What you will do: Each line from the first entry to the line with "Elegant Solid Wood", both included, is to be returned unchanged, with any pictures dropped.

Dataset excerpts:

BEGIN

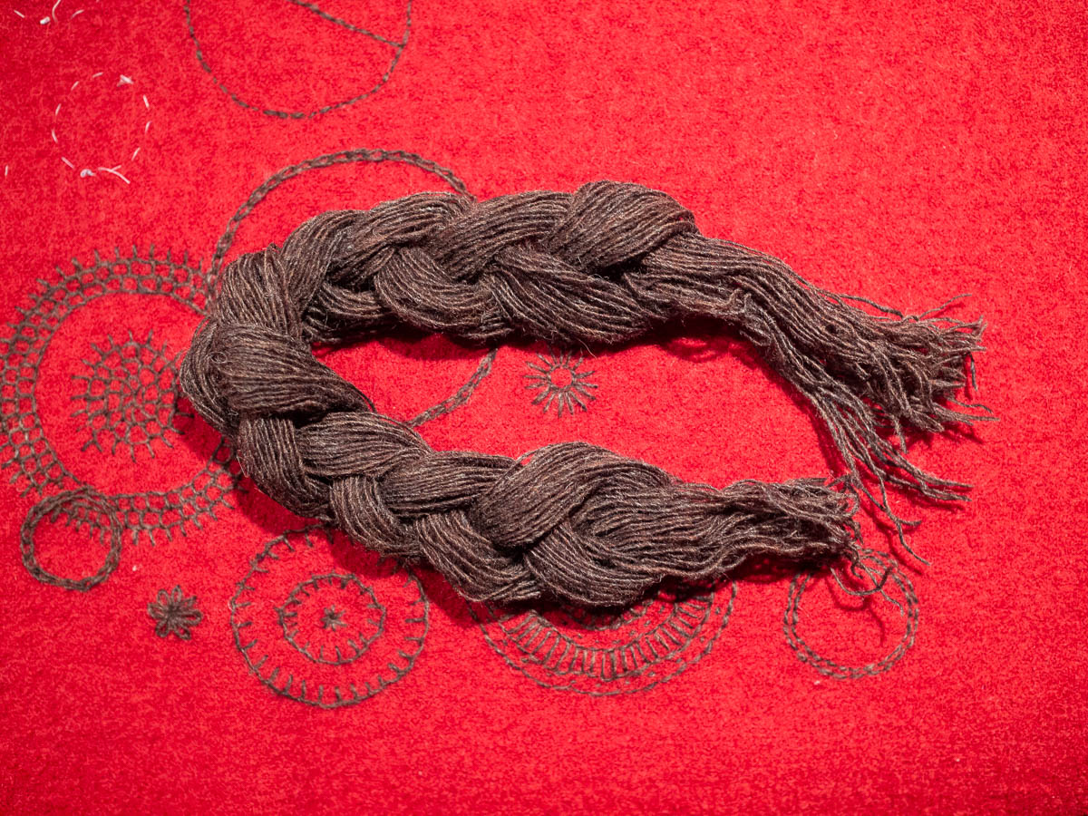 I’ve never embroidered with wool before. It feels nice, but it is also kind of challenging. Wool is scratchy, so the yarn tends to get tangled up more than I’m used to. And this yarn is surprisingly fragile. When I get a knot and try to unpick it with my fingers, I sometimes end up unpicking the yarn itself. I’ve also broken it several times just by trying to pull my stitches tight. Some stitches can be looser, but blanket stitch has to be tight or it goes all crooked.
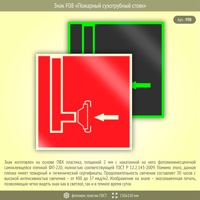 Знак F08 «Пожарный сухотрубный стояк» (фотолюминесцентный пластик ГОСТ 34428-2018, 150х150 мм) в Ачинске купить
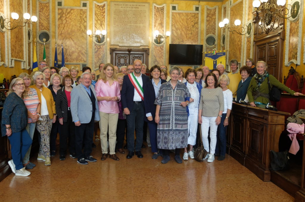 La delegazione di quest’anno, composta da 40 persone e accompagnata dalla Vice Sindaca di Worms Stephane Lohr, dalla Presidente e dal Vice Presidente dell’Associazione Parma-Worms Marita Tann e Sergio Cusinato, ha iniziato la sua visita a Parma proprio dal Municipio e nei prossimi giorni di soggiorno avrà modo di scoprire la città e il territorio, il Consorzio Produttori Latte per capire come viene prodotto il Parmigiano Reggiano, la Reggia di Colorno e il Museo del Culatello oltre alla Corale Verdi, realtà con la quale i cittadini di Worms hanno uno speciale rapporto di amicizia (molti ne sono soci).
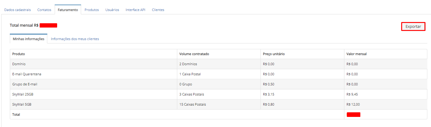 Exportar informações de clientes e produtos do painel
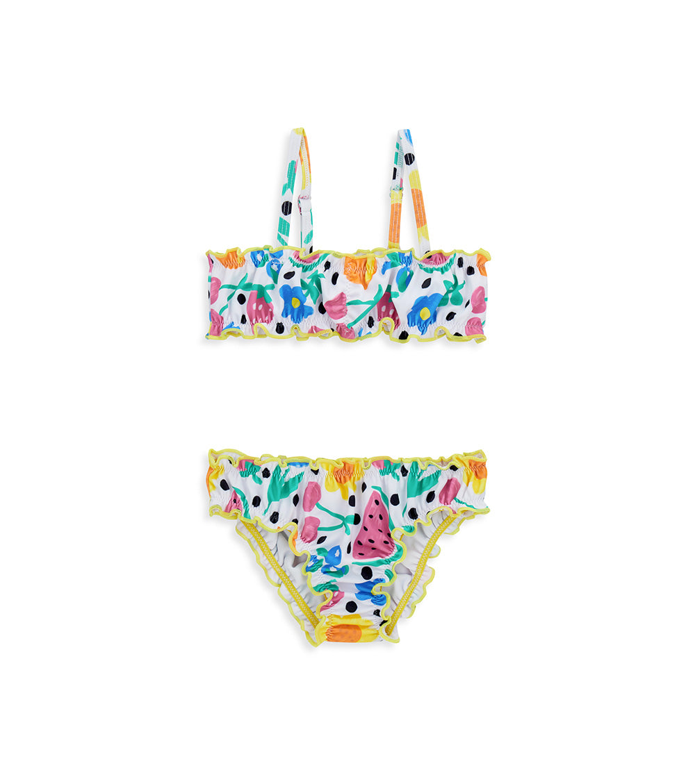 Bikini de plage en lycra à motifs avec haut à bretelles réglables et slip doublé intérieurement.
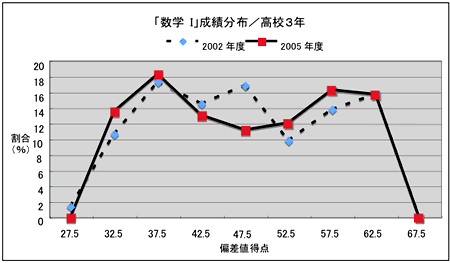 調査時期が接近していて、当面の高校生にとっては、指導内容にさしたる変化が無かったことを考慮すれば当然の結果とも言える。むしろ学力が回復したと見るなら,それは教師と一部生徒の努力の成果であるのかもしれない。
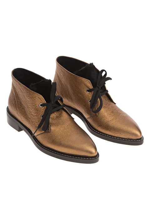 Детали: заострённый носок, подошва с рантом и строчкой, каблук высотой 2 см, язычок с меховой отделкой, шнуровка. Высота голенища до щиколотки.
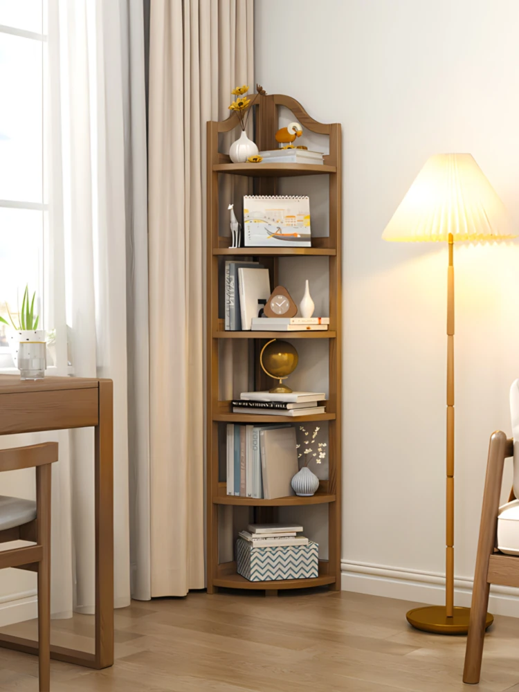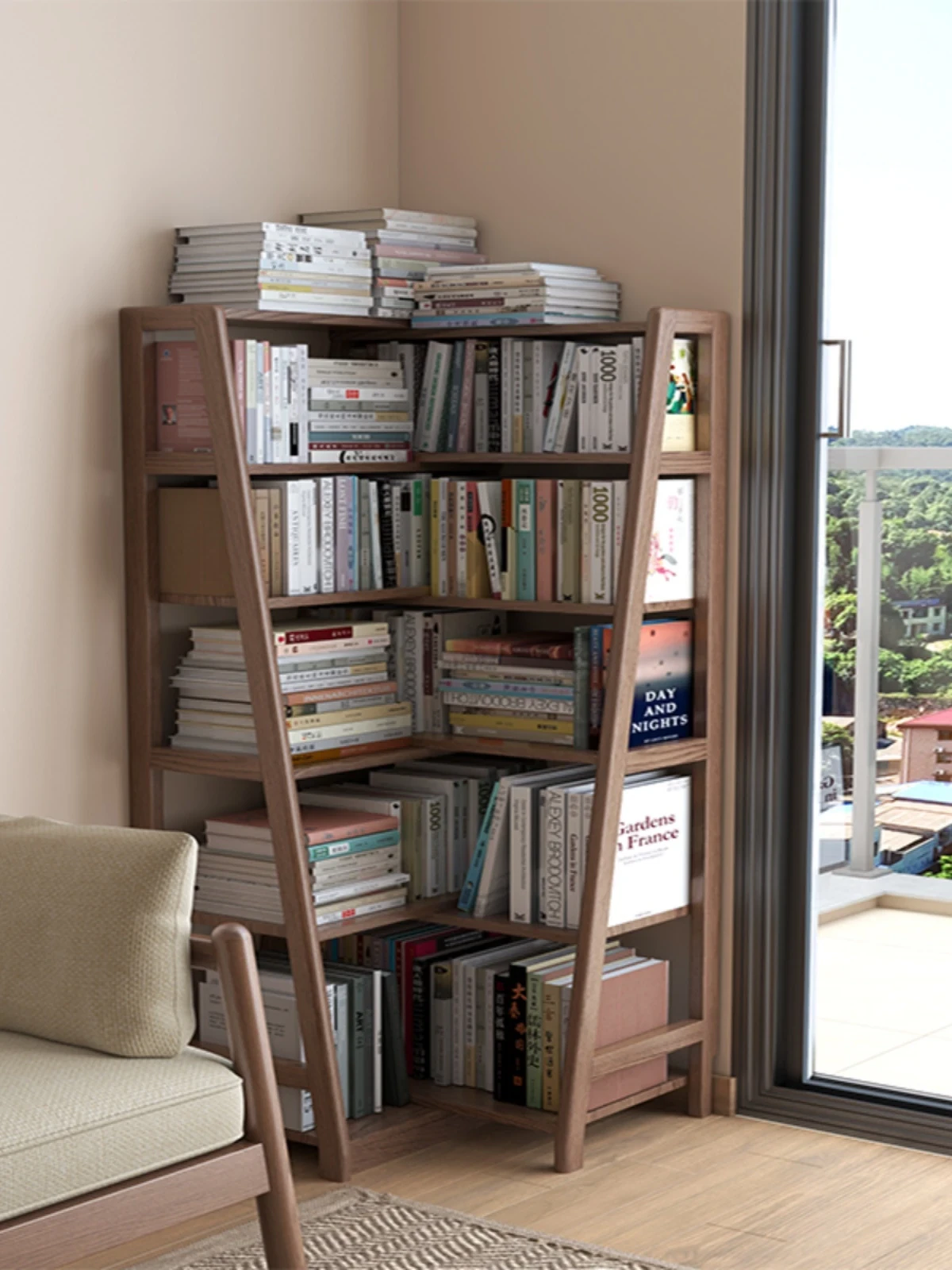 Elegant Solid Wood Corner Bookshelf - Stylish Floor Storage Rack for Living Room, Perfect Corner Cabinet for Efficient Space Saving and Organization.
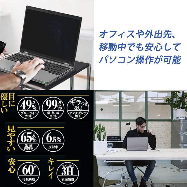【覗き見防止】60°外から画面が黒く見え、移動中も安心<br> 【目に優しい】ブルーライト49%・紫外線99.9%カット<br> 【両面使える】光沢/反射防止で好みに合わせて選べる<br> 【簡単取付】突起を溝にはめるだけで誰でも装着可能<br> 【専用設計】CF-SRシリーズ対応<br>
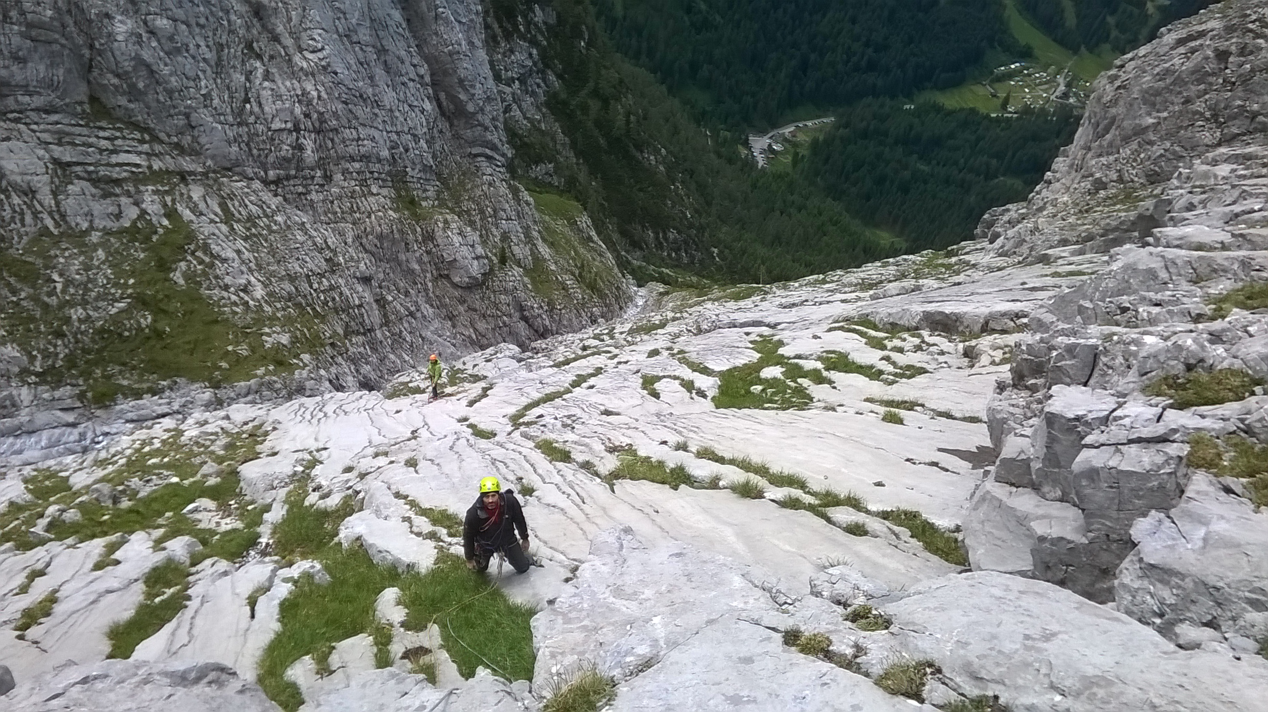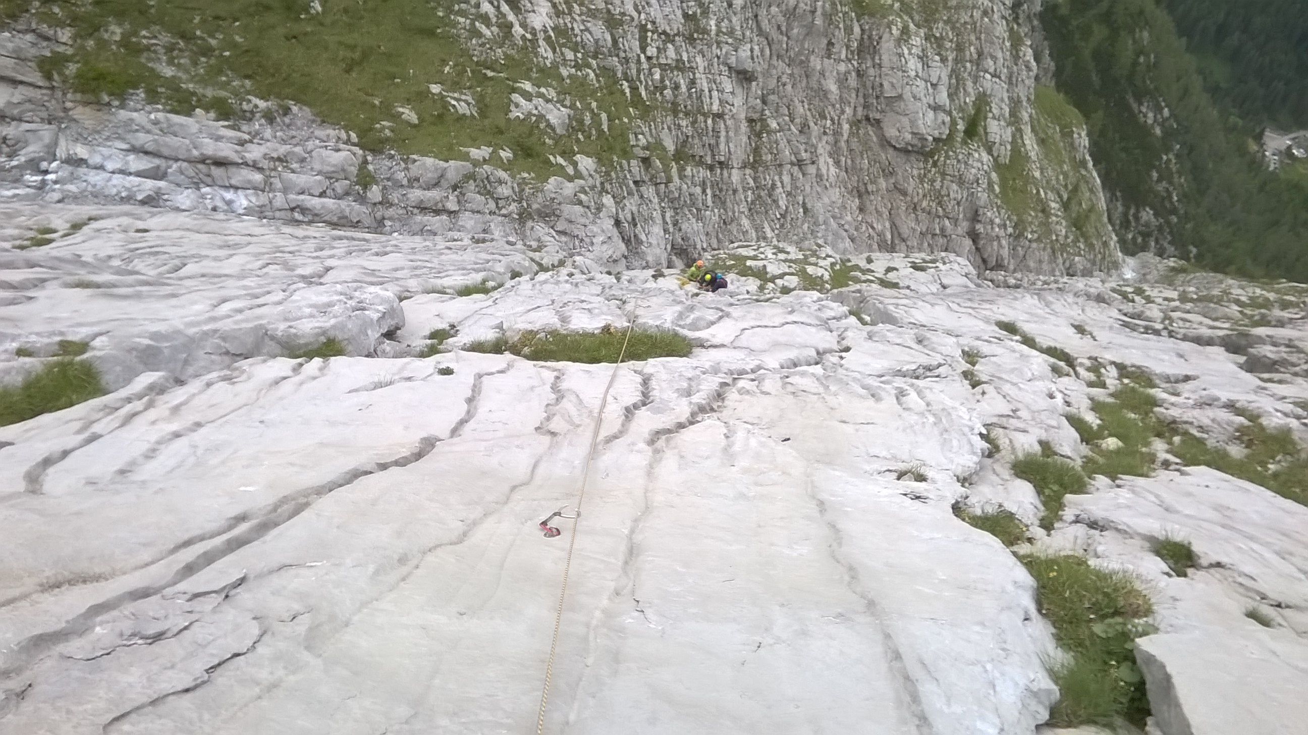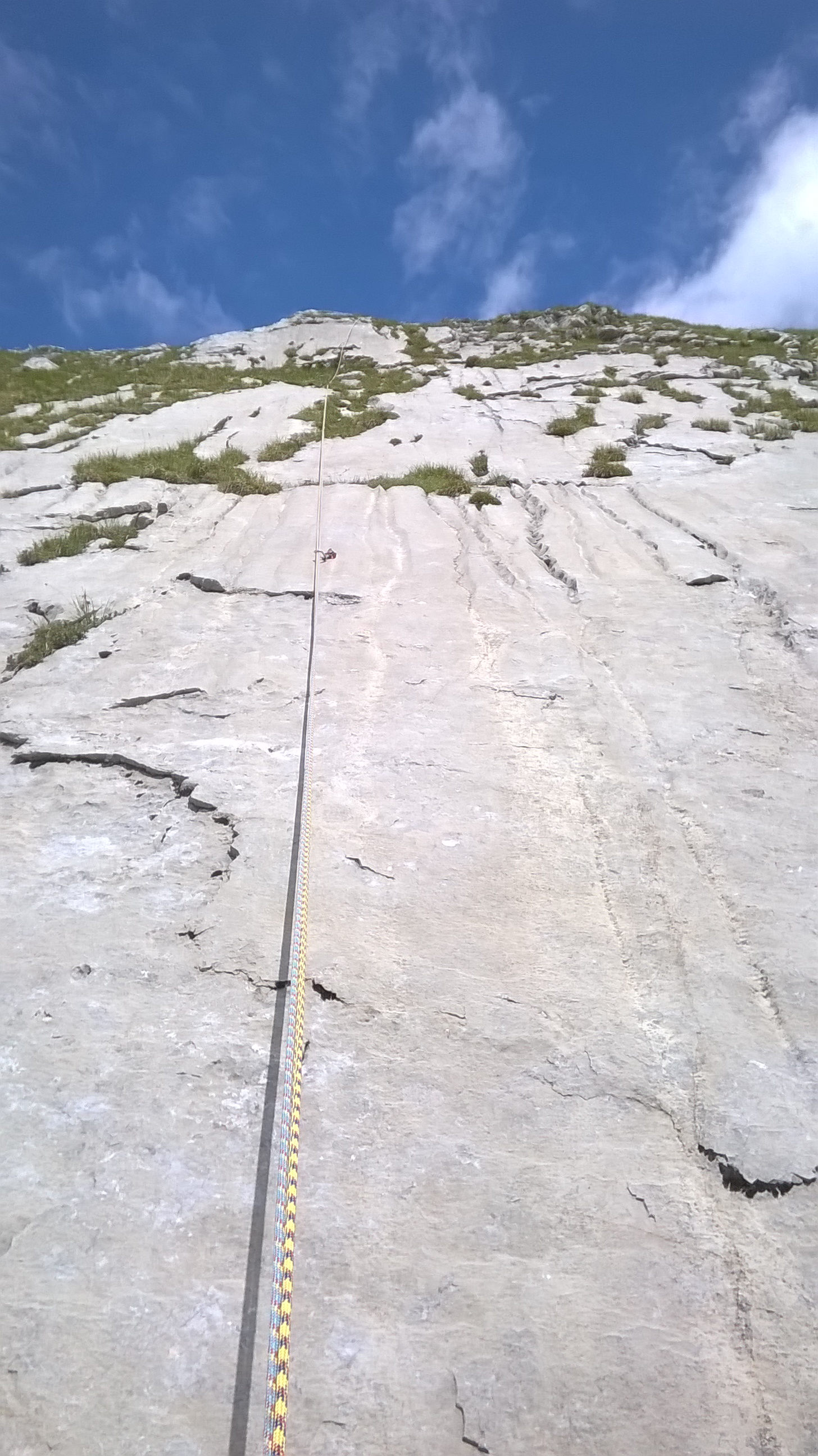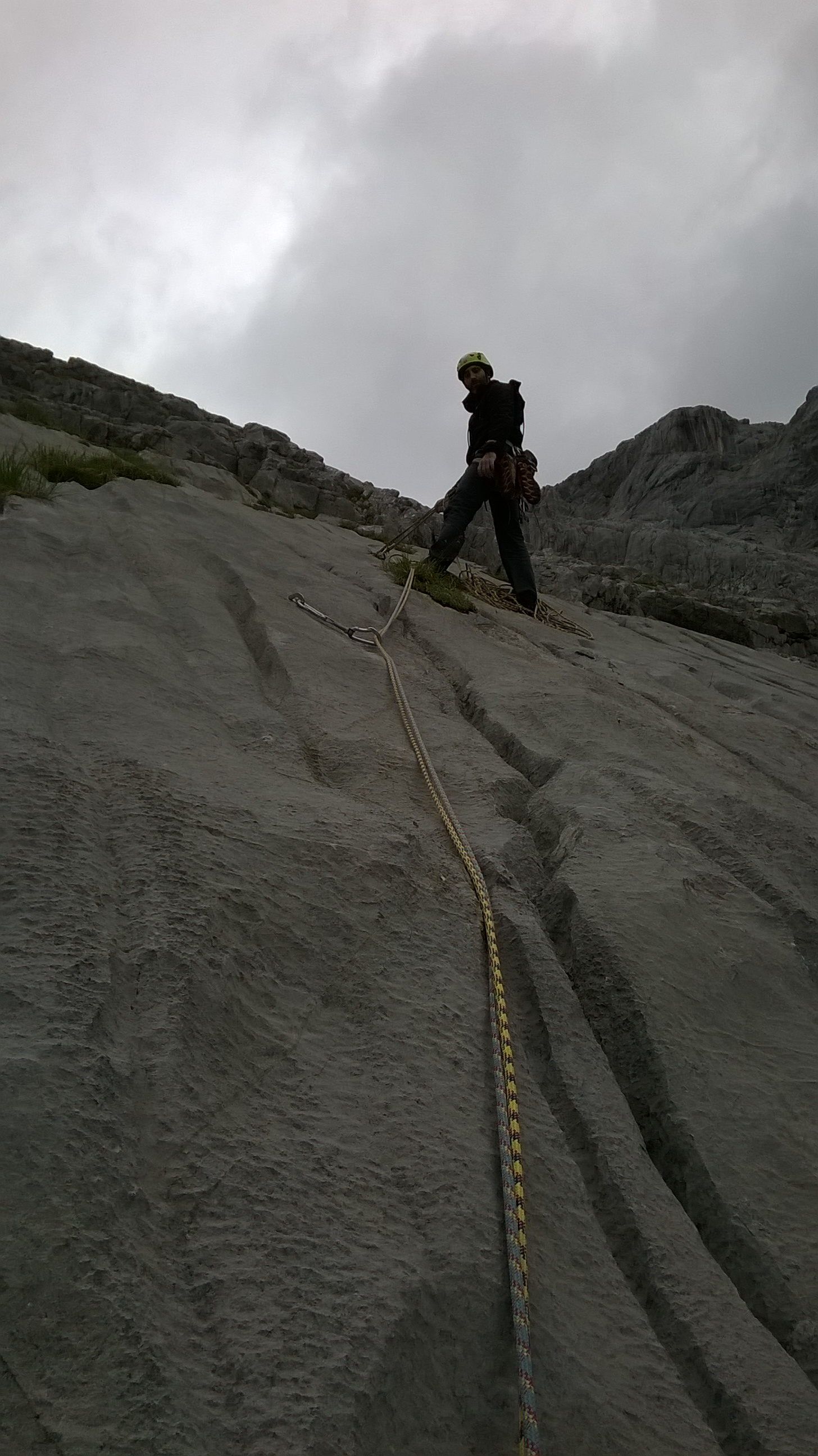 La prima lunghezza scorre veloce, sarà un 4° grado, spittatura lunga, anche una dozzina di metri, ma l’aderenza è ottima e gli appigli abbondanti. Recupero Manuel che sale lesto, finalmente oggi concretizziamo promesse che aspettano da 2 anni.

END

Output for this exercise:
 I’ve never embroidered with wool before. It feels nice, but it is also kind of challenging. Wool is scratchy, so the yarn tends to get tangled up more than I’m used to. And this yarn is surprisingly fragile. When I get a knot and try to unpick it with my fingers, I sometimes end up unpicking the yarn itself. I’ve also broken it several times just by trying to pull my stitches tight. Some stitches can be looser, but blanket stitch has to be tight or it goes all crooked.
 Знак F08 «Пожарный сухотрубный стояк» (фотолюминесцентный пластик ГОСТ 34428-2018, 150х150 мм) в Ачинске купить
 La delegazione di quest’anno, composta da 40 persone e accompagnata dalla Vice Sindaca di Worms Stephane Lohr, dalla Presidente e dal Vice Presidente dell’Associazione Parma-Worms Marita Tann e Sergio Cusinato, ha iniziato la sua visita a Parma proprio dal Municipio e nei prossimi giorni di soggiorno avrà modo di scoprire la città e il territorio, il Consorzio Produttori Latte per capire come viene prodotto il Parmigiano Reggiano, la Reggia di Colorno e il Museo del Culatello oltre alla Corale Verdi, realtà con la quale i cittadini di Worms hanno uno speciale rapporto di amicizia (molti ne sono soci).
 Exportar informações de clientes e produtos do painel
 Bikini de plage en lycra à motifs avec haut à bretelles réglables et slip doublé intérieurement.
 調査時期が接近していて、当面の高校生にとっては、指導内容にさしたる変化が無かったことを考慮すれば当然の結果とも言える。むしろ学力が回復したと見るなら,それは教師と一部生徒の努力の成果であるのかもしれない。
 Детали: заострённый носок, подошва с рантом и строчкой, каблук высотой 2 см, язычок с меховой отделкой, шнуровка. Высота голенища до щиколотки.
 Elegant Solid Wood Corner Bookshelf - Stylish Floor Storage Rack for Living Room, Perfect Corner Cabinet for Efficient Space Saving and Organization.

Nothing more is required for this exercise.